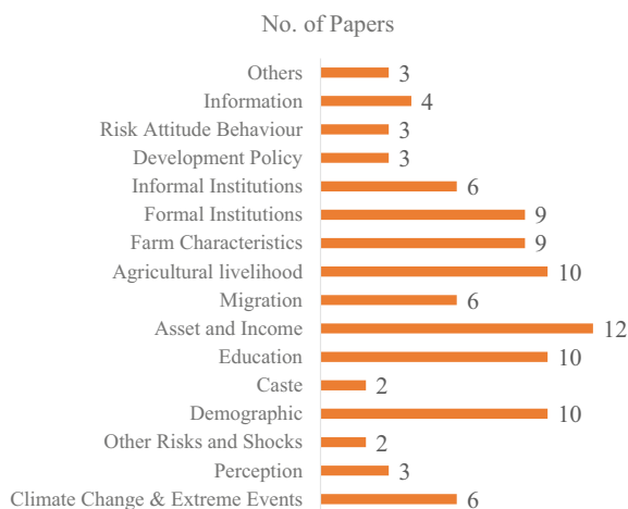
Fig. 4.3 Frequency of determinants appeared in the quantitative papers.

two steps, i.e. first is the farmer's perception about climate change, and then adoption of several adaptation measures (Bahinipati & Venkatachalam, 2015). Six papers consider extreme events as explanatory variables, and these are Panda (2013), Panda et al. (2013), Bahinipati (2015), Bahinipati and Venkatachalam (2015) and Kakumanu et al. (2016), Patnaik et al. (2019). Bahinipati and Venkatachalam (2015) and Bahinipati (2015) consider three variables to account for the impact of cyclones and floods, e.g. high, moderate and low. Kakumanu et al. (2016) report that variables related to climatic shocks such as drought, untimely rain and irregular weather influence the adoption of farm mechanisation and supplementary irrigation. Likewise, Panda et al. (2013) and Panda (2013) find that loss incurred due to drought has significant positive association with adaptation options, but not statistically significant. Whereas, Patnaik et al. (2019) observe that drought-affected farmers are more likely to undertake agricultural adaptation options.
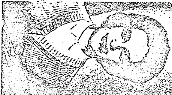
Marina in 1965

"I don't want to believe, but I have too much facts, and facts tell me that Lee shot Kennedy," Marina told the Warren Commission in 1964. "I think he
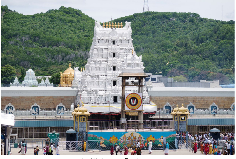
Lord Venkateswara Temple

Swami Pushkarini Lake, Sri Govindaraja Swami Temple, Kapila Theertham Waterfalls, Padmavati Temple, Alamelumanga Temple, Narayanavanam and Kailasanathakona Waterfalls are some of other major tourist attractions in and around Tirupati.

====

*WORK ITEM*.
Provide the count, and nothing else, of lines in the data above where the word "Marina" occurs.

*YOUR RESPONSE*.
2